Making Cheating Easier on Wall Street: CTFC Budget Cuts

David Callahan

A basic reason that people break rules is that they believe they can get away with it. And you're more likely to think that you can cheat without consequence if you know that watchdogs won't bark, much less bite.

This observation doesn't just jive intuitively with our understanding of human nature, it also squares with lived reality. Fewer police means more crime. No drug testing in baseball means an epidemic of steroid use. Rare audits mean more tax cheating. And so on.

Wall Street, of course, is the mother of all case studies of how lax oversight leads to more cheating. Here, in the world of big money, the incentives for bad behavior are astronomically high -- especially given how huge fortunes can be made before the market imposes any punishments for cheating (a corrective that libertarians believe, wrongly, can deter most wrongdoing).

You'd think that this simple truth would be fresh in people's minds, with the U.S. still grappling with the aftermath of a financial crisis that was brought on, in part, by widespread cheating by banks, mortgage brokers, and various other players.

Apparently not.

This week Congress decided to give the Commodity Futures Trading Commission, a key Wall Street watchdog which polices the derivatives market, a third less money than the Obama Administration had requested. That means that the CFTC will not only have a hard enough time doing its current job, but will find it difficult to implement the Dodd-Frank law. That's exactly the point, of course: Republicans hate Dodd-Frank and want to neuter this legislation. Since they can't repeal it, the next best thing is to defund efforts to implement the law.

This attack on the CFTC comes, ironically, even as we are being reminded about why we need watchdogs on Wall Street.
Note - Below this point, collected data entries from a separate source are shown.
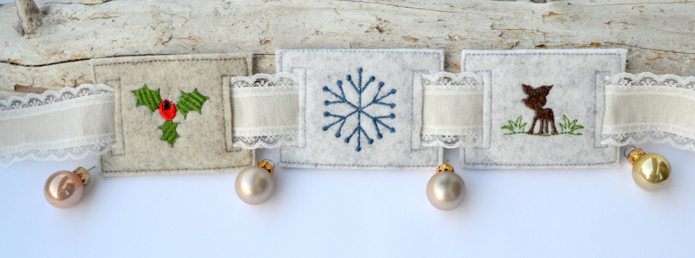 ITH Stickdatei Geschenkanhänger zu Weihnachten, dekorativ an jedem Mitbringsl zu Weihnachten oder in der Winterzeit! Man kann sie an einem Geschenkband auffädeln und an Geschenken, Weinflaschen, Pralinen anbinden. Oder auch als Serviettenringe verwenden.
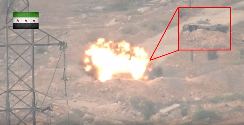 حلب : لحظة نسف الجيش الحر عربة مدرعة لميليشيات بشار الأسد على مدخل ” الكلية الفنية ” بصاروخ تاو ( فيديو )
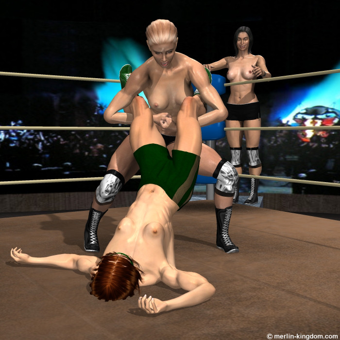 Jen leaps to her feet and grabs a hold of Amanda’s legs, preparing to apply a boston crab on the prone Amanda.
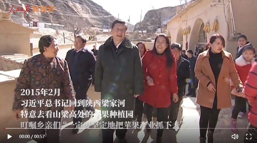 2015年2月,總書記回到陜西梁家河,特意去看山梁高處的蘋果種植園,叮囑鄉(xiāng)親們,“一定要堅(jiān)定地把蘋果產(chǎn)業(yè)抓下去?!贝藭r(shí),聲勢(shì)浩大的脫貧攻堅(jiān)正如火如荼。
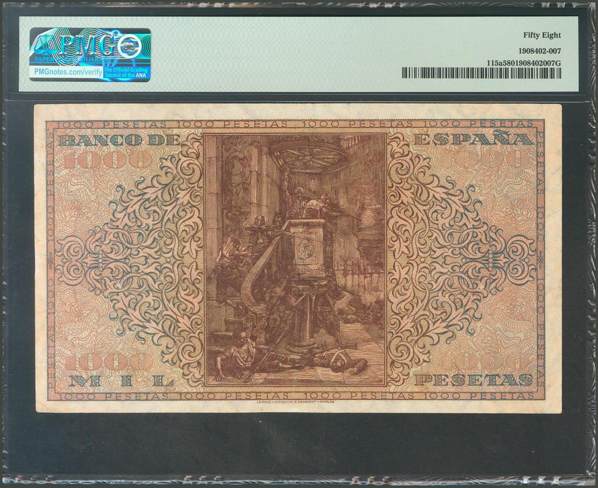 1000 Pesetas. 20 de Mayo de 1938. Serie A. (Edifil 2017: 434). Raro en esta calidad. EBC+. Encapsulado PMG58.

Some $600 million in customer money is still missing at MF Global and the CFTC is in charge of getting to the bottom of this mystery. And the MF Global meltdown may not have happened at all if the CFTC had been a tougher, more powerful regulator.

The MF Global bankruptcy is tiny compared to past financial disasters. But it's worth noting that the amount of money that its customers may end up losing, just from the missing cash alone, is roughly three times larger than the entire annual budget of the CFTC.